A car does not encourage you to travel light
8 weeks, 12,000km, six US states, three Canadian national parks, and fifty nights under canvas: the spreadsheet for our final farewell road trip alone took six months to finalise. But it was well worth it...

Getting lost on the outskirts of Vancouver was not a good start, but things got more scenic as we travelled over the Cascade mountains and through the baking plains of Washington and Oregon to our first stop in Idaho.  Idaho has the largest area of wilderness (i.e. no roads or buildings) in the lower 48 states and two and a half hours on dirt roads took us just into its edge.

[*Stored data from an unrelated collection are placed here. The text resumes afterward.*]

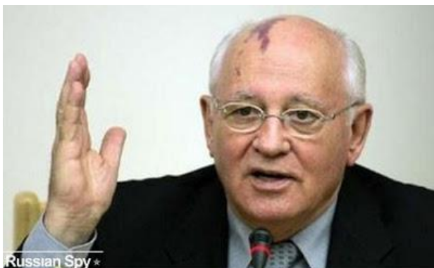
Tổng Bí Thư đảng *Cộng Sản* Liên xô Mr. Mikhail Gorbachev: *Tôi đã bỏ một nửa cuộc đời cho lý tưởng Cộng Sản. Ngày hôm nay tôi phải đau buồn mà nói rằng: **Đảng Cộng Sản chỉ biết tuyên truyền và dối trá.
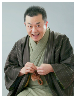
* なるみ家笑天 Narumiya Shouten 社会人落語「落語の会」

掲載アーティストの他にも 春日井にゆかりのある方を中心に 派遣先とご相談の上、 派遣アーティストを決定します。
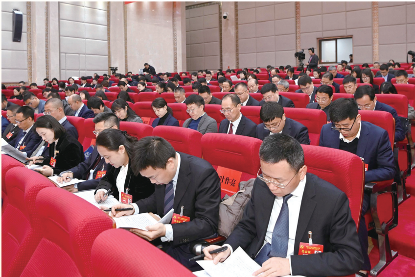
开幕式上,与会代表认真聆听报告
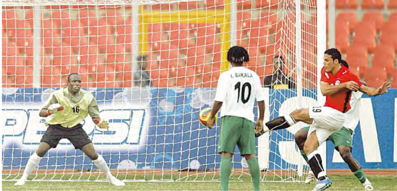
كوماسي - الجريدة

تأهلت مصر والكاميرون ونيجيريا وساحل العاج إلى الدور ربع النهائي من نهائيات كأس أمم إفريقيا في كرة القدم المقامة في غانا حتى 10 فبراير. في الجولة الثالثة الأخيرة من منافسات المجموعة الثانية والثالثة.
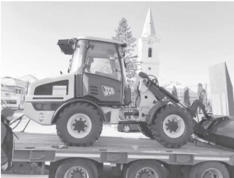
A kis géppark első eszköze már meg is érkezett Szeredába

A terv szerint a Kerekérdő és a víztározó tartályok közelében, a székelytompai legelő aljában épül meg a mintegy 800 négyzetméter alapfelületű fedetlen tároló 2 méter magas falakkal. Az építkezés mellett egy, a kezeléshez szükséges kis géppark kialakítását is támogatja a projekt, így rendelkeznünk fognak majd új traktorral, pótkocsival, a trágyatömeg mozgatását szolgáló rakodógéppel, trágyaszóróval, vala-

Night one campsite, OR, too hot for the fly-sheet at 39c
We'd picked the hike in the Frank Church wilderness as the guidebook said it would be 'less busy'. When we arrived at the deserted campground, with picnic tables still upturned and no water, we realised what that meant in the least populated state in the US. Slightly spooked by its emptiness, it's fair to say we over-reacted to the midnight snuffling outside our tent by spending night two sleeplessly in the car, watching for bears.  

Next day we picked a different mountain range to hike in; the jagged Sawtooths. Short, sharp, afternoon mountain thunderstorms would become a feature of the trip, but our first one caught us out and, despite still being 35 degrees, we chilled down pretty quickly.  Once we had them figured out though, it was pretty much the last inconvenient rain of the entire trip.

Suzie Q (the Subaru) spent a lot of the trip looking like this
Our next state was one of our favourite from last year: Utah.  Mainly desert, with incredible rock formations and weird wildlife, our first stop did not disappoint: the Craters of the Moon national monument. 618 square miles of spiky black laval rock formed during eight huge volcanic eruptions. It was an unexpected National Park service gem including hikes up an ancient cinder cone, into an underground desert cave with permanent ice and our first sighting of bats.

Mark touching a real life dinosaur bone
Our next national monument had been a must on the itinerary ever since I'd read its single name in the guidebook: Dinosaur.  In 1909, the Carnegie Musueum in Pittsburgh had an empty Dinosaur Hall and, in the mission to fill it, they found one of the worlds biggest fossil beds from the era of the huge Jurassic dinosaurs.  They extracted dozens of complete skeletons and then left an entire quarry face filled with bones for the public to enjoy.  The exhibit hall was gob smacking; complete stegosaurus, diplodocus and allosaurus skeletons still embedded in the rock which you could even touch. My 8 year old geeky, dinosaur obsessed self would have been stunned.  If our car hadn't already been packed to the gills, I would have insisted on the full size allosaurus bronze head...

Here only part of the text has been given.